VCU Department of Mathematics
Colloquium Lecture Series
Plane Tilings
Prof. Richard P. Stanley, MIT
Friday April 8, 3:00-4:00
Temple Building, Room 1165
We will survey some of the highlights of the theory of plane tilings, focusing on tiling a
bounded region of the plane with finitely many tiles. A standard example, though not very
mathematical, is a jigsaw puzzle. We consider such questions as the following: (1) Is there a
tiling? (2) How many tilings are there? (3) About how many tilings are there? (4) Is a tiling
easy to find? (5) Is it easy to prove or to convince someone that a tiling doesn't exist? (6)

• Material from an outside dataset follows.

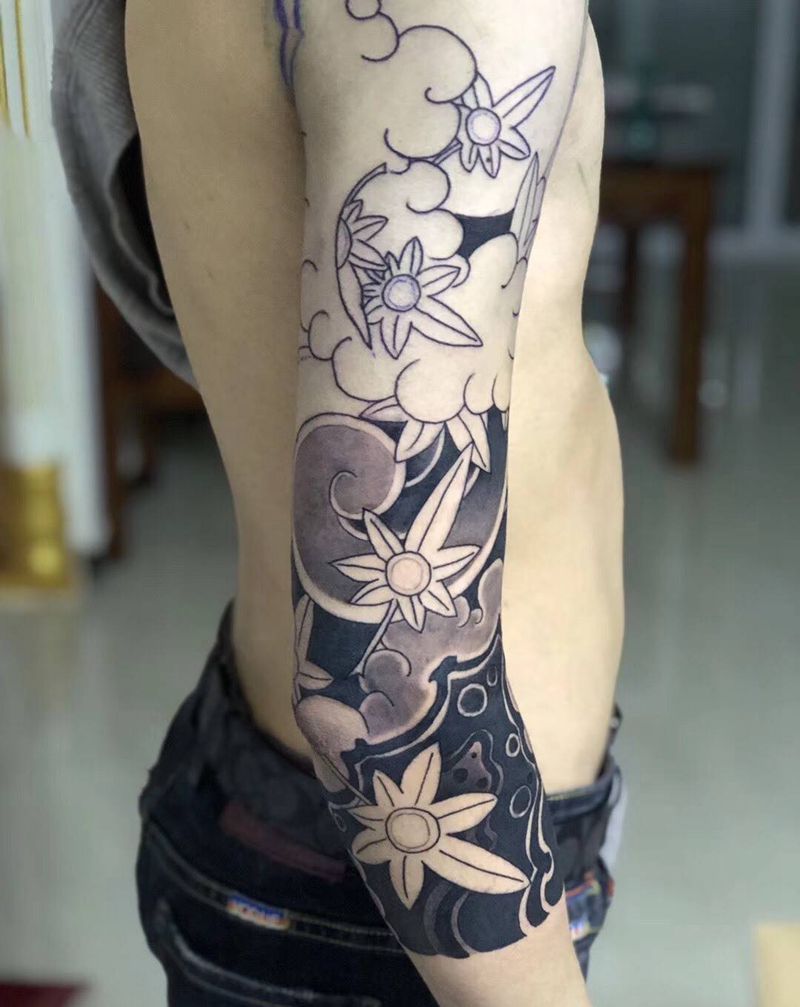 当前位置: 首页 >山东省临沂市纹身店-临沂市罗庄区松刺青纹身图案>传统七分袖。纹身图片_手臂老传统纹身图案
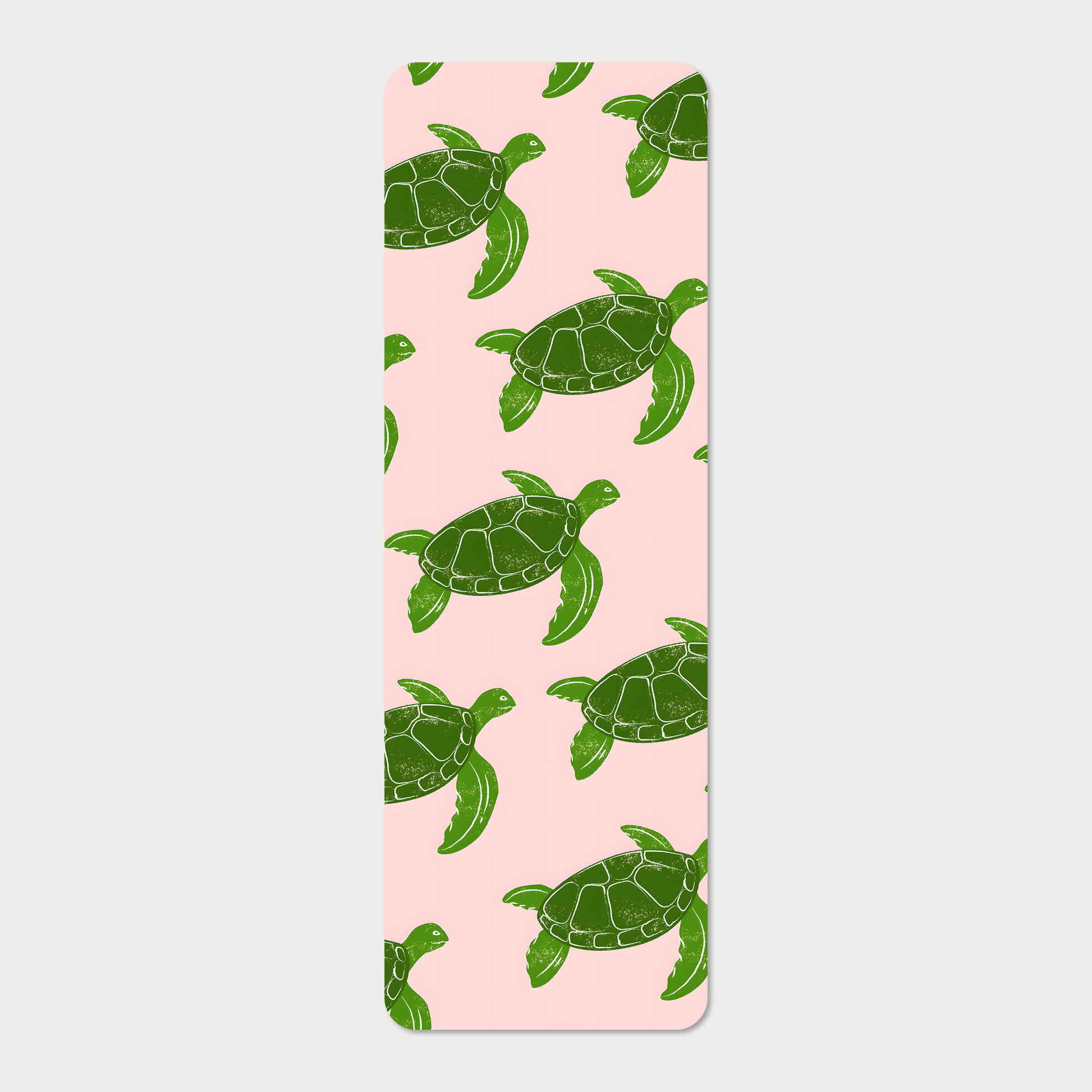 Sköldpaddsresan är ett bokmärke med ett charmigt mönster av gröna havssköldpaddor mot ljusrosa bakgrund. Det fångar lugnet i havets rörelser och påminner om att varje berättelse får ta sin tid. Ett bokmärke för stillsamma läsare och djurälskare med känsla för havets poesi.

What does a typical tiling look like? We point out some interesting connections between
tilings and such topics as computer science, continued fractions, probability theory, and
mathematical logic.
Professor Richard P. Stanley
Dr. Stanley is the Norman Levinson Professor of Applied Mathematics at the Massachusetts Institute of Technology, in Cambridge,
Massachusetts. Dr. Stanley is internationally recognized as a leading expert in combinatorics and its connection to other areas of
mathematics such as algebraic topology, commutative algebra, and representation theory. He is the author of two-volume book
Enumerative Combinatorics, a must have reference in the field with amazing collection of exercises. He is also the author of
Combinatorics and Commutative Algebra and more than 150 research articles. He has served as thesis advisor to more than 50 doctoral
students.
The long list of Dr. Stanley's awards and accolades includes the George Pólya Prize in Applied Combinatorics in 1975 from the Society of
Industrial and Applied Mathematics, the Leroy P. Steele Prize in recognition of the completion of his two-volume work Enumerative
Combinatorics in 2001 from the American Mathematical Society, the Rolf Schock Prize in 2003 from the Swedish Academy of Sciences,
Committee on the William Lowell Putnam Competition, 1983-1986 (Chair, 1985-1986), and Senior Scholar, Clay Mathematics Institute.
He is a member of the American Academy of Arts and Sciences and the National Academy of Sciences.